- Second baseman
- Born: February 26, 1917 East Saint Louis, Illinois, U.S.
- Died: April 21, 1965 (aged 48) Saint Louis, Missouri, U.S.
- Batted: RightThrew: Right

MLB debut
- September 15, 1944, for the Cleveland Indians

Last MLB appearance
- September 26, 1944, for the Cleveland Indians

MLB statistics
- Batting average: 1.000
- At-bats: 2
- Hits: 2
- Stats at Baseball Reference

Teams
- Cleveland Indians (1944);

= Steve Biras =

American baseball player (1917–1965)

Stefan Alexander Biras Jr (February 26, 1917 – April 21, 1965) was an American Major League Baseball second baseman who played for one season. He played for the Cleveland Indians from September 15, 1944, to September 26, 1944.

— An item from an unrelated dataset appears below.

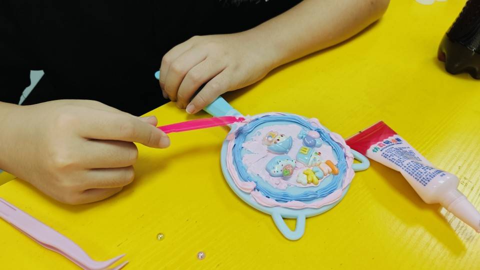 本次活動中,孩子們以一面面小巧圓潤的鏡子為畫布,用五彩繽紛的奶油膠勾勒夢想輪廓,搭配小珠子、亮片、塑料小花等裝飾配件,在小鏟子與鑷子的巧妙配合下,將平凡化為驚艷。

He was born on February 26, 1917, to Steve Biras Sr., a mechanic from Czechoslovakia. He was of Slovak descent.
Biras originally played semi-pro baseball in St. Louis before being signed by the Cleveland Indians. He played in only two games. He debuted on September 15, 1944, against the Detroit Tigers, pinch hitting for pitcher Ray Poat in the fifth inning with Cleveland trailing 5–0. Against Detroit pitching ace, and 1944 American League MVP Hal Newhouser, Biras singled in his first Major League at bat. This game would be Newhouser's 25th victory in a season in which he won 29 games.

Biras' last game came on September 26 in an 8-3 loss to the Washington Senators. Biras came on as a substitute for second baseman Ray Mack, and made one fielding error, one putout and one fielding assist for a fielding average of .667. In his lone at bat in the game, Biras hit a single off of Dutch Leonard, driving in two runners (RBIs).

After the 1944 season ended, he was assigned to the Wilkes-Barre Barons, but refused to report to the team. He instead returned to his semi-pro team in St. Louis, ending his professional career. Biras died on April 21, 1965, in St. Louis, Missouri, at the age of 48.